Youssef El Fahli

Personal information
- Date of birth: 27 April 1997 (age 28)
- Place of birth: Morocco
- Height: 1.82 m (6 ft 0 in)
- Position: Forward

Team information
- Current team: AS FAR
- Number: 7

Youth career
- 0000–2019: Hassania Agadir

Senior career*
- Years: Team / Apps / (Gls)
- 2019–2021: Hassania Agadir / 64 / (15)
- 2021–2024: RS Berkane / 73 / (16)
- 2024–: AS FAR / 27 / (12)

= Youssef El Fahli =

Moroccan footballer (born 1997)

Youssef El Fahli (يوسف الفحلي; born 27 April 1997) is a Moroccan professional footballer who plays as a forward for Moroccan club AS FAR.

== Career ==
On 15 May 2022, El Fail scored a brace in the semi-final against TP Mazembe, in a 4-1 victory, to send his team to the 2022 CAF Confederation Cup Final.
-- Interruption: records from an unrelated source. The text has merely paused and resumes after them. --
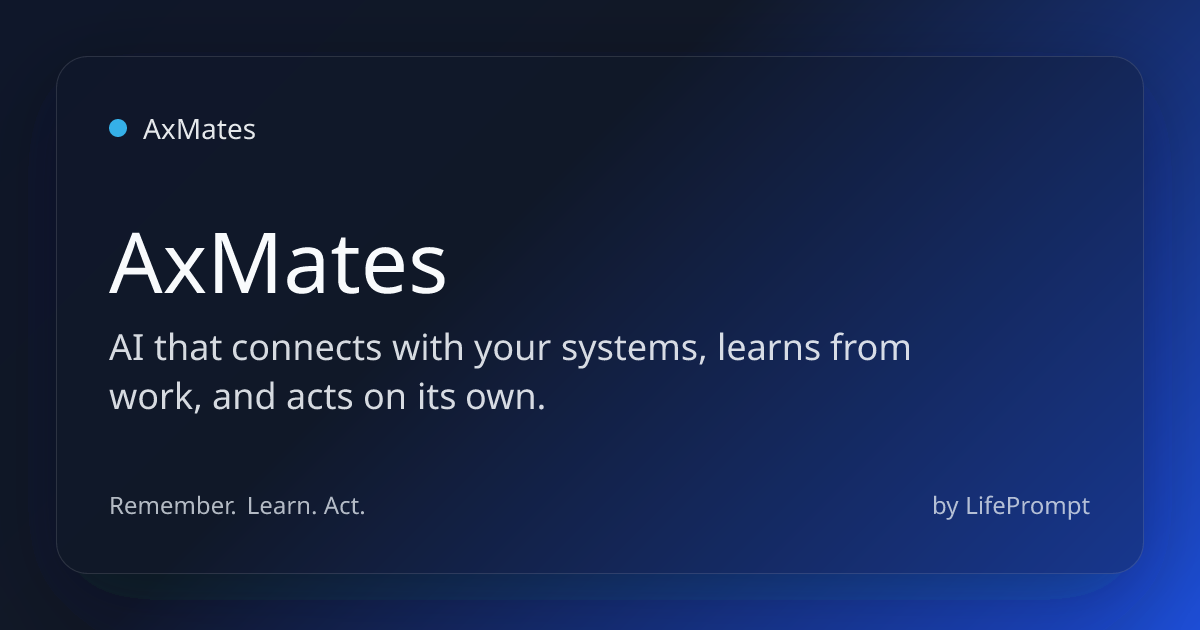 株式会社LifePrompt(本社: 東京都新宿区、代表取締役: 遠藤聡志)は、AIが社内システムと連携し、チームの一員のように業務を完了まで進めるAIプラットフォーム「AxMates(エーエックスメイツ)」の提供を2026年4月1日より開始いたします。
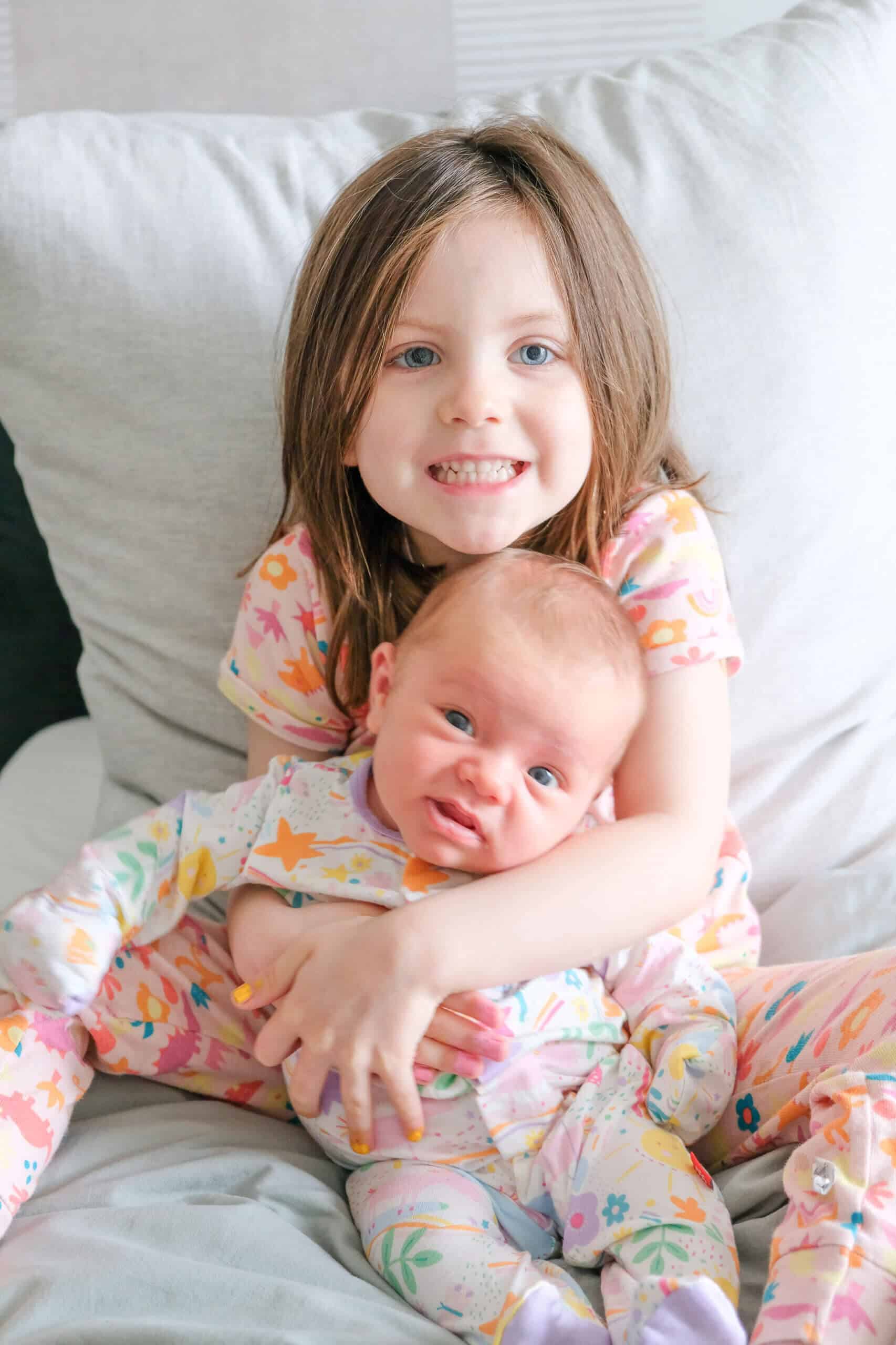 Rowan has been so excited to be a big sister! Helps out! Sure, she has her jealous periods, I get it, she’s not the center of attention anymore, but she’s always excited to see Isabella every day. She’s been back at daycare for the past few weeks, sees her friends, and in a routine. Which I feel has helped out.
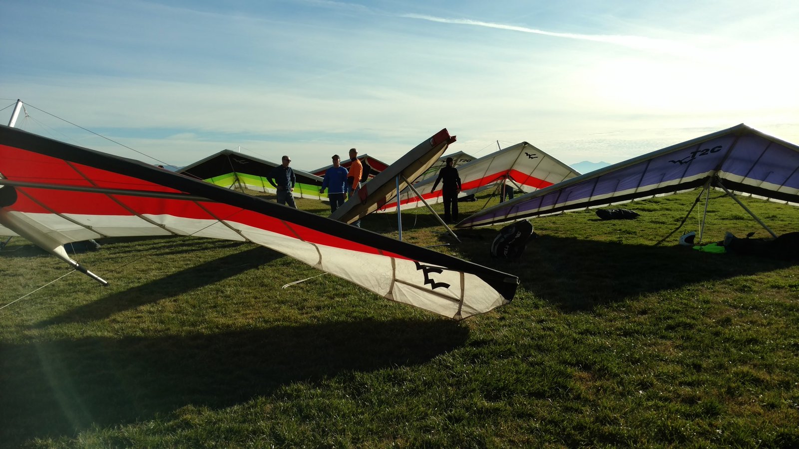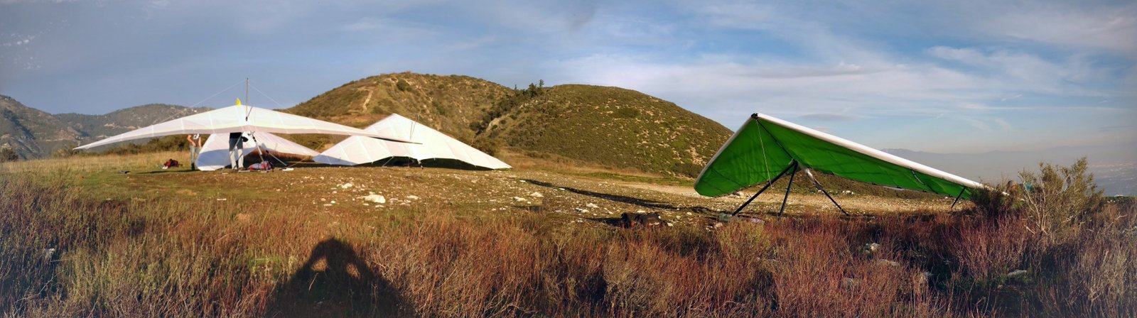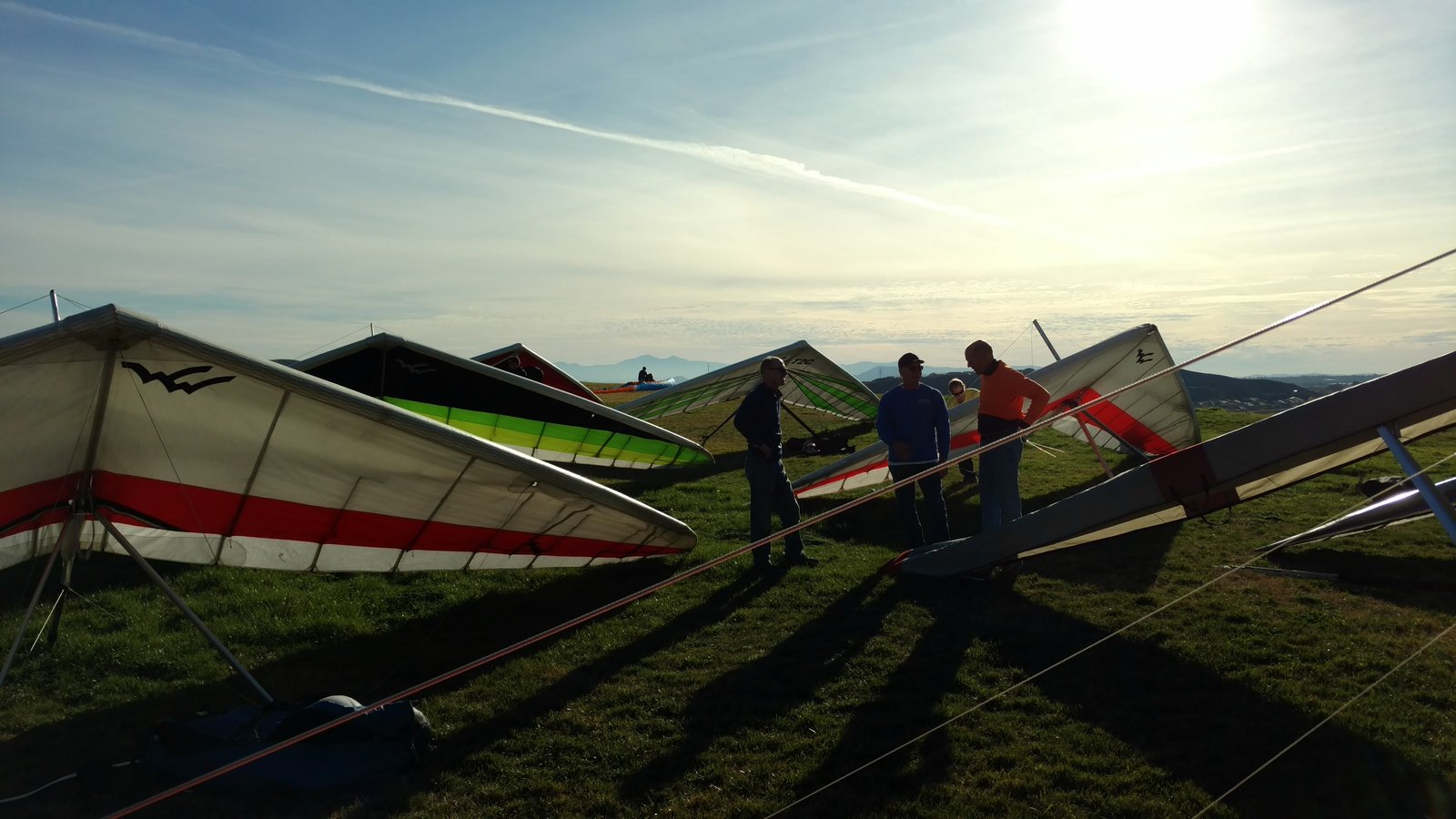 Good. Hot day, late-day boating. Top launch into a good cycle. Got a few hundred above launch after a while. Cloud and Regionals not on when I was there; also left when PG gaggles arrived. Scratched down by the 750, one last near-save. dove to land in a no-traffic period. Tight left-hand approach, milked the skim and hit a little puff at the end. Had a vertical wing no-stepper 6 feet short of the HG cone. |
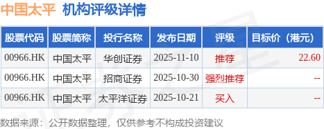 投行对该股的评级以推荐为主,近90天内共有1家投行给出推荐评级,近90天的目标均价为22.6港元。华创证券最新一份研报给予中国太平推荐评级,目标价22.6港元。
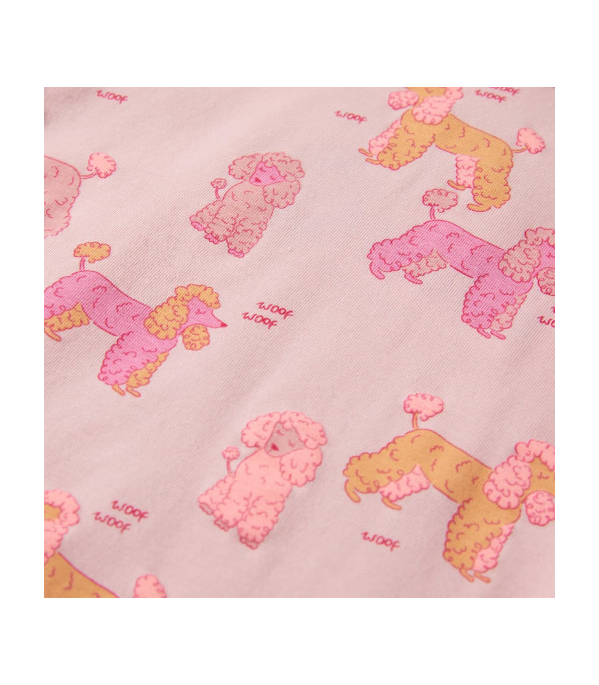 Our children's clothing line is all about affordable, high-quality, and durable everyday wear for kids aged 1.5 to 10. Our range includes jackets, sweaters, shirts, and many more, with a variety in style, size, and colour. Following the high-quality standard in the market, we are using high-grade materials and advanced manufacturing techniques. This pair of kids' pyjamas with short sleeves has a round neckline, elasticated waistband, and a regular fit. This pair of children's pyjamas features an all-over dog print. The kids' loungewear is made from soft material with 95% cotton and 5% elastane for extra comfort and breathability. Good to know: The size chart in the picture provides measurements for kids aged 1.5 to 10, covering the height, chest, waist, and hip. You can easily find the right fit for your child.

He scored in the final, resulting in a 1–1 draw, which ended up claiming the title through penalties against Orlando Pirates.

== Honours ==
RS Berkane
- Moroccan Throne Cup: 2020–21, 2021–22
- CAF Confederation Cup: 2021–22
- CAF Super Cup: 2022

Individual
- Botola Pro Top Goalscorer: 2024–25 (11 goals)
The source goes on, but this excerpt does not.